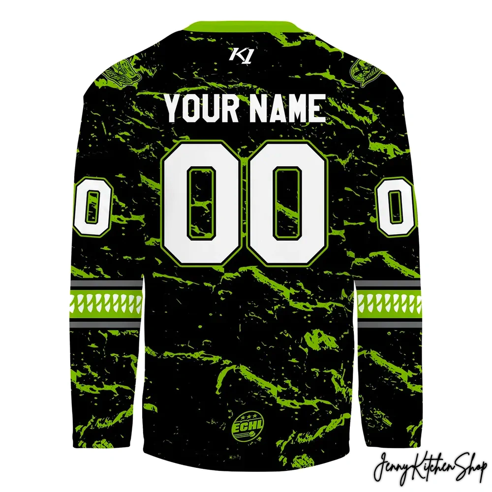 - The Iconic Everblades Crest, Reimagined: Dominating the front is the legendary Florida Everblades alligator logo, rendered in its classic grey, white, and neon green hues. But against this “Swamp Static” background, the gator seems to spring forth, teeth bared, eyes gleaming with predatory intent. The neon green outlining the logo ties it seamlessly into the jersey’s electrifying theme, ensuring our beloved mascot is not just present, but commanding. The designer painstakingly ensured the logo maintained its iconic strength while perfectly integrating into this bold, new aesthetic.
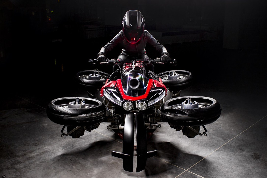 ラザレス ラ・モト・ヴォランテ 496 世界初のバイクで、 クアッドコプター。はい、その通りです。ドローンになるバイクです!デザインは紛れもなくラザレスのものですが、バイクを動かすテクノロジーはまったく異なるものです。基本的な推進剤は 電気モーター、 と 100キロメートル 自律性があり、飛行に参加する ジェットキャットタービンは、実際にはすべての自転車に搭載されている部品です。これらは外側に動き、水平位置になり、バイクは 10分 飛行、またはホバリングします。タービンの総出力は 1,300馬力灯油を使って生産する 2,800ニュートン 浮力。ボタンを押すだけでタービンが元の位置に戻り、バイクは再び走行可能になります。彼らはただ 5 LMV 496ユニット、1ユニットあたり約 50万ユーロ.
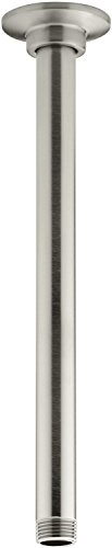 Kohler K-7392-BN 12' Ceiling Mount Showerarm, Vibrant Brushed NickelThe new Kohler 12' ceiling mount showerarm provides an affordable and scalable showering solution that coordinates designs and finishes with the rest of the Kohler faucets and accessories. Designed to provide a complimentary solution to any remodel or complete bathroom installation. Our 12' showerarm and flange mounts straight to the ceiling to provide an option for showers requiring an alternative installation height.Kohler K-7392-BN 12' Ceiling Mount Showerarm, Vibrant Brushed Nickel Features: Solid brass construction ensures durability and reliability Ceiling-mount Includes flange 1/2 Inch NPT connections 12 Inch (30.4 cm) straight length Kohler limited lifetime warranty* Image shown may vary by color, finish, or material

* * * * * * *

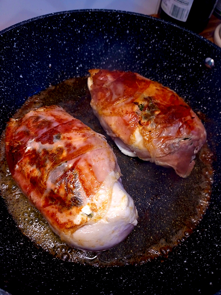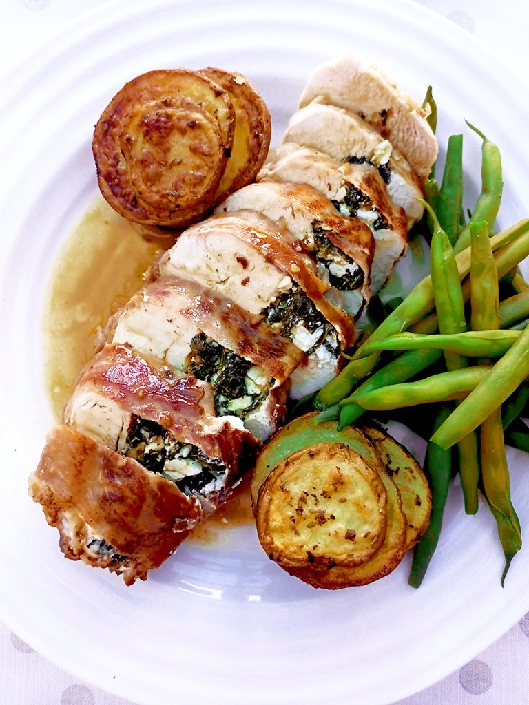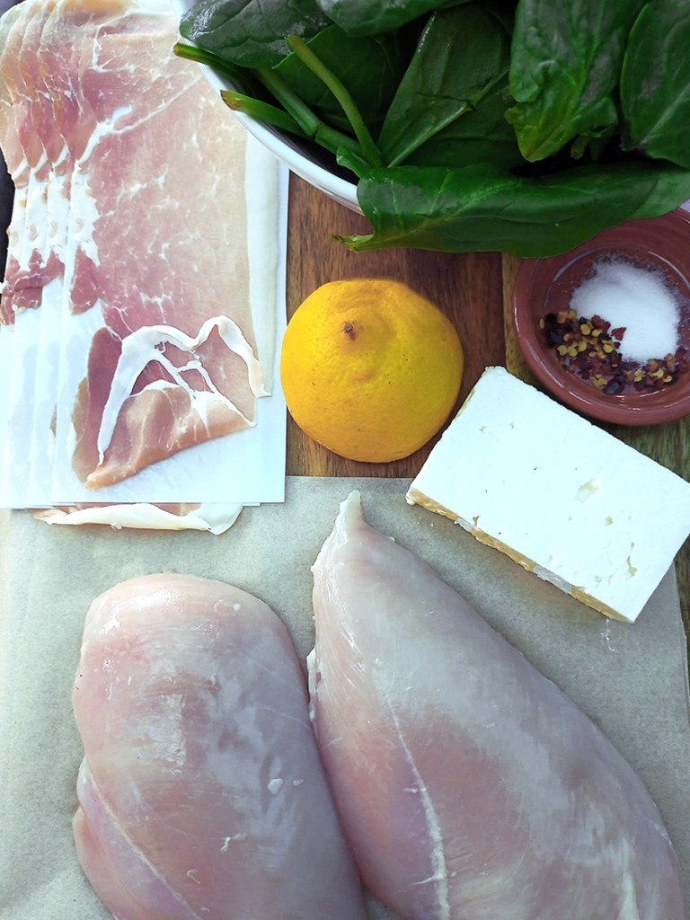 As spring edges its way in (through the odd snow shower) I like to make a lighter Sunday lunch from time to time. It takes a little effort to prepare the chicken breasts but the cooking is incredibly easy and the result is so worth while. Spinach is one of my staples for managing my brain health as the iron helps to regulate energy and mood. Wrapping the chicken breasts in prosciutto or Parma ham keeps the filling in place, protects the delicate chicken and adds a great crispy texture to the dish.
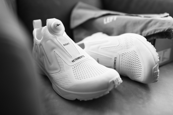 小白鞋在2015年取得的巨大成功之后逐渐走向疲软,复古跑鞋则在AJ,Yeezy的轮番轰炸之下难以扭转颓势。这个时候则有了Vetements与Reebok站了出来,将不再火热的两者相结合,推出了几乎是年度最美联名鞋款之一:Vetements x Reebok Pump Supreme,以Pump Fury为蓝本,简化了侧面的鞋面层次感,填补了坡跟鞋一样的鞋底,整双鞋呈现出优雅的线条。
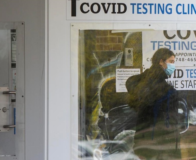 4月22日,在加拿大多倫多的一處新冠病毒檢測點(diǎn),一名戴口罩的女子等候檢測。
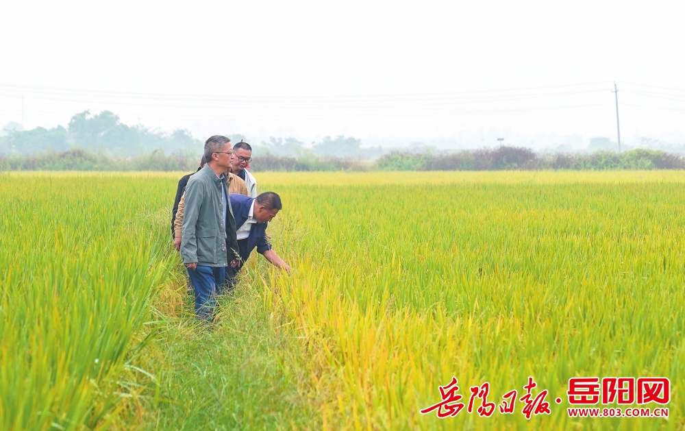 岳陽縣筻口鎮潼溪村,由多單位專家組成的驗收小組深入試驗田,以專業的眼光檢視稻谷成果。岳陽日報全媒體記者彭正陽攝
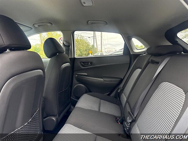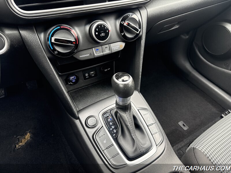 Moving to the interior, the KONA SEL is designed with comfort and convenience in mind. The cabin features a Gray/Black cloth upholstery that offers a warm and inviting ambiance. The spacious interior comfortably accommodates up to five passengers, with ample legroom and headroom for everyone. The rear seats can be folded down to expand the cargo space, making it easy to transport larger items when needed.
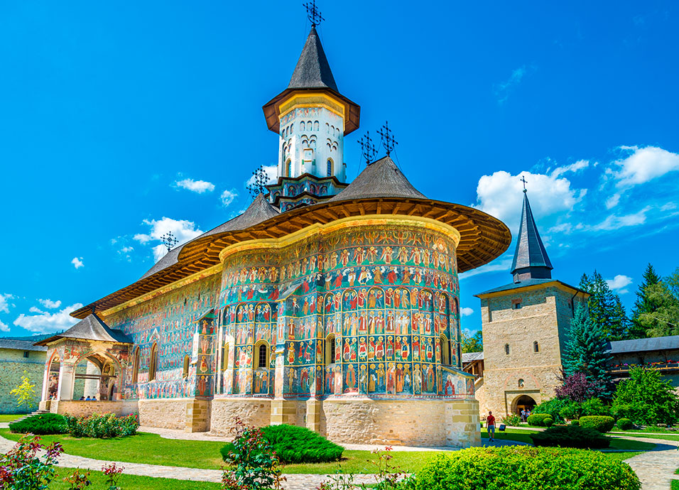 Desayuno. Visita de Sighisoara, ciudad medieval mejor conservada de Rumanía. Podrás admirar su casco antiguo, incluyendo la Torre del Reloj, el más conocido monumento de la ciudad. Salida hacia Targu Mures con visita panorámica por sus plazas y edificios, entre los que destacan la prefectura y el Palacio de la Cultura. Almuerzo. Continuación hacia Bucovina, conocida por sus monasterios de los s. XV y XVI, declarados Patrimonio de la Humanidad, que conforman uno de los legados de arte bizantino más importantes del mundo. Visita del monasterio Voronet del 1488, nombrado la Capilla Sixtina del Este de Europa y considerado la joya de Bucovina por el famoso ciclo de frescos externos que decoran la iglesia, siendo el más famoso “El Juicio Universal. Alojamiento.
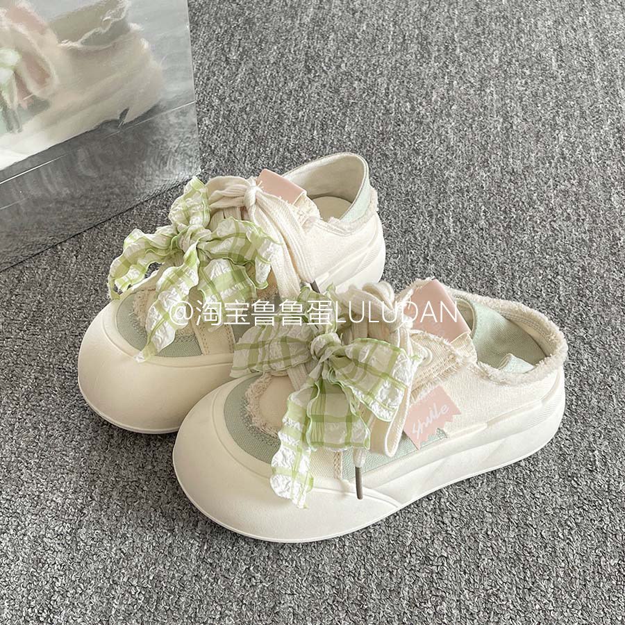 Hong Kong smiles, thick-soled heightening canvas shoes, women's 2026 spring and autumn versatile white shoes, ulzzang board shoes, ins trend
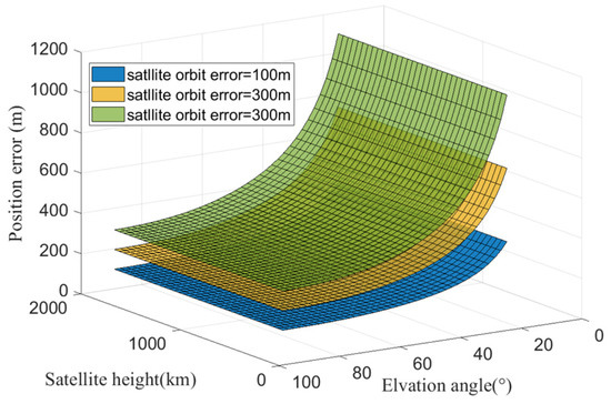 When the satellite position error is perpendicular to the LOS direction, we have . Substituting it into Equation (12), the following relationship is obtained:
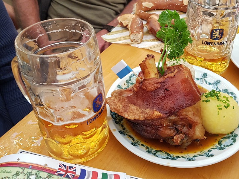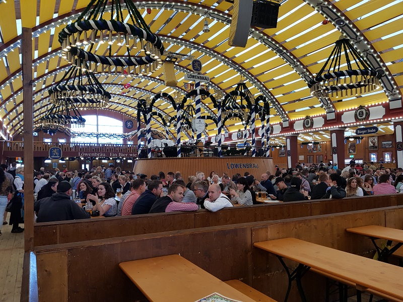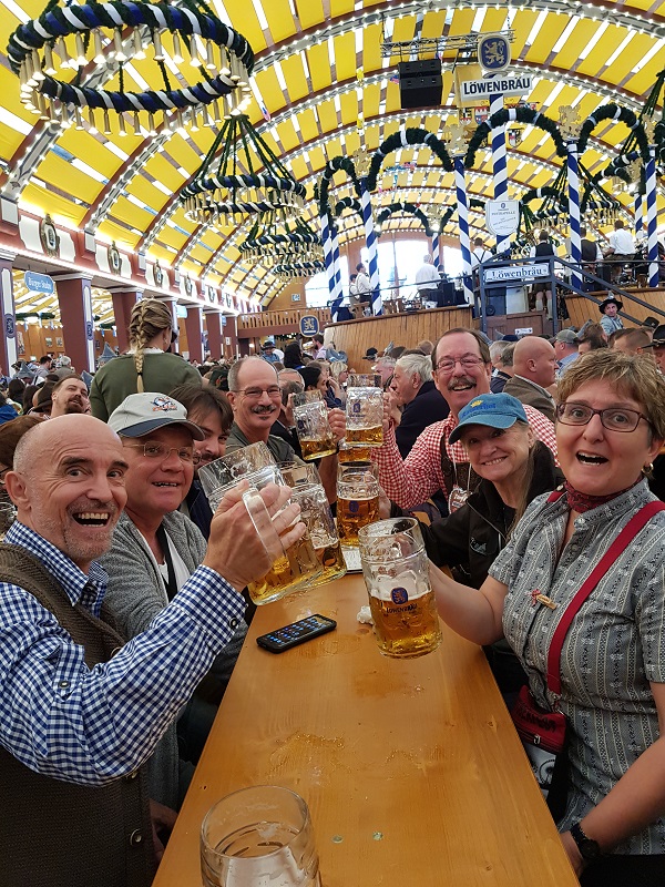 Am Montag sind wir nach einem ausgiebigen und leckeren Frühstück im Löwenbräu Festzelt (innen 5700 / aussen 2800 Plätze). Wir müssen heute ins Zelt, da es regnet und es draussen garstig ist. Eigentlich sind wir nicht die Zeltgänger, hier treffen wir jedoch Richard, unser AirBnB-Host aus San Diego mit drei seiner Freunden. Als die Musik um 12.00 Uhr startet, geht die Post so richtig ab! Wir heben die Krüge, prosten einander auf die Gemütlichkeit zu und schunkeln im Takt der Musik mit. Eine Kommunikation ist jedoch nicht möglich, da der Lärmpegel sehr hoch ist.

* * * * * * *

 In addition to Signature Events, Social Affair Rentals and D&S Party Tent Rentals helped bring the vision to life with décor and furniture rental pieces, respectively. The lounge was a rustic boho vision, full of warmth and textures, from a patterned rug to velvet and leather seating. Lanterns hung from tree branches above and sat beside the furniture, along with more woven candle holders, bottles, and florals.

* * * * * * *

Problem description
Output exactly the lines above, from the line with "岳陽縣筻口鎮潼溪村,由多單位" to the line with "Desayuno. Visita de", both included; skip the pictures.

Solved problem
 岳陽縣筻口鎮潼溪村,由多單位專家組成的驗收小組深入試驗田,以專業的眼光檢視稻谷成果。岳陽日報全媒體記者彭正陽攝
 Moving to the interior, the KONA SEL is designed with comfort and convenience in mind. The cabin features a Gray/Black cloth upholstery that offers a warm and inviting ambiance. The spacious interior comfortably accommodates up to five passengers, with ample legroom and headroom for everyone. The rear seats can be folded down to expand the cargo space, making it easy to transport larger items when needed.
 Desayuno. Visita de Sighisoara, ciudad medieval mejor conservada de Rumanía. Podrás admirar su casco antiguo, incluyendo la Torre del Reloj, el más conocido monumento de la ciudad. Salida hacia Targu Mures con visita panorámica por sus plazas y edificios, entre los que destacan la prefectura y el Palacio de la Cultura. Almuerzo. Continuación hacia Bucovina, conocida por sus monasterios de los s. XV y XVI, declarados Patrimonio de la Humanidad, que conforman uno de los legados de arte bizantino más importantes del mundo. Visita del monasterio Voronet del 1488, nombrado la Capilla Sixtina del Este de Europa y considerado la joya de Bucovina por el famoso ciclo de frescos externos que decoran la iglesia, siendo el más famoso “El Juicio Universal. Alojamiento.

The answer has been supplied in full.